## Stored entries
[Start of Attachment]

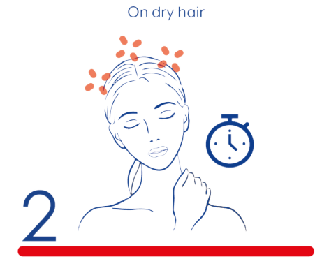
Allow it to act for 1-2 minutes to neutralize unwanted symptoms. Do not rinse.
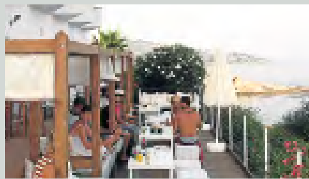
style on the place.

After setting up two dozen businesses in the area he has settled on being a hotelier and has very much stamped his
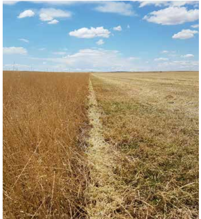
Slashing seed heads to bring seed to ground after ripening.

* Results based on crop seed production of 1.3t/ha perennial ryegrass and 0.5t/ha cocksfoot. In a mixed poor perennial pasture, it is estimated that seed yields could be approximately 10%. One kilogram of perennial ryegrass seed equals 320 seeds/m 2 and one kilogram of cocksfoot is 760 seeds/m 2 .
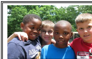
Boys Camp One Considerate boys
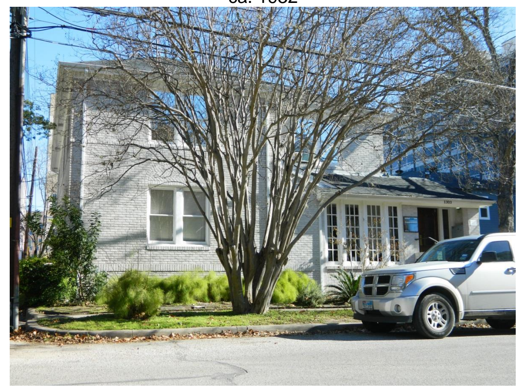
1303 San Antonio Street ca. 1932
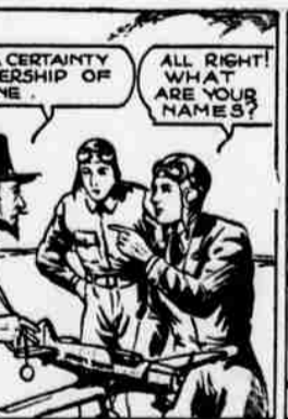
By Bud Fisher
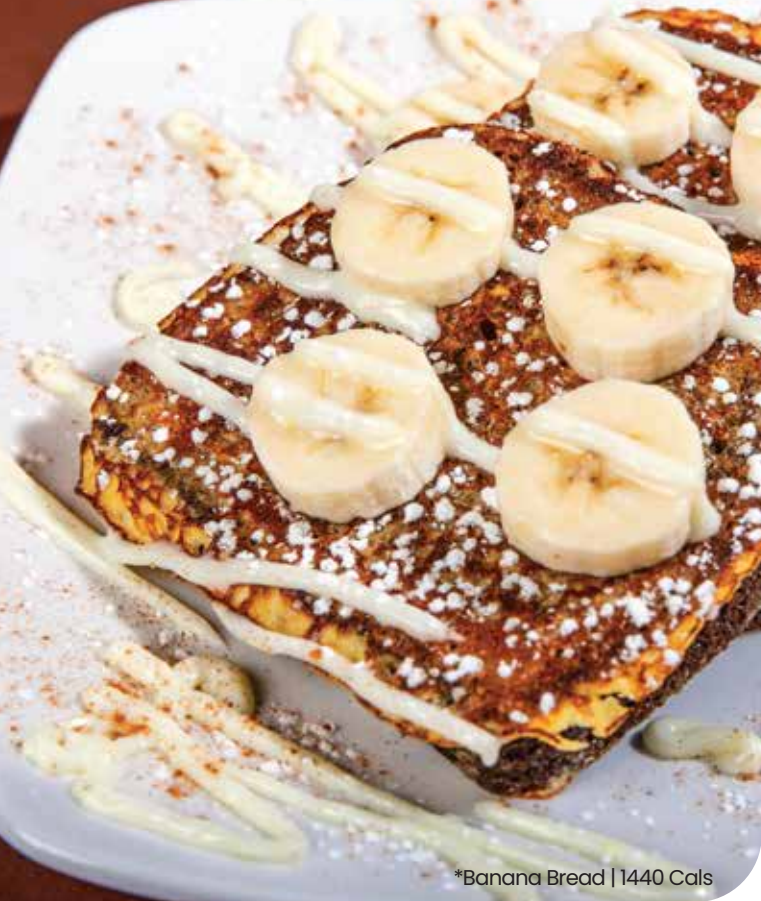
*Banana Bread | 1440 Cals

[End of Attachment]

## What to produce
Leave out the pictures and retype the rest of the entries exactly.

## Exercise answer
Allow it to act for 1-2 minutes to neutralize unwanted symptoms. Do not rinse.
style on the place.

After setting up two dozen businesses in the area he has settled on being a hotelier and has very much stamped his
Slashing seed heads to bring seed to ground after ripening.

* Results based on crop seed production of 1.3t/ha perennial ryegrass and 0.5t/ha cocksfoot. In a mixed poor perennial pasture, it is estimated that seed yields could be approximately 10%. One kilogram of perennial ryegrass seed equals 320 seeds/m 2 and one kilogram of cocksfoot is 760 seeds/m 2 .
Boys Camp One Considerate boys
1303 San Antonio Street ca. 1932
By Bud Fisher
*Banana Bread | 1440 Cals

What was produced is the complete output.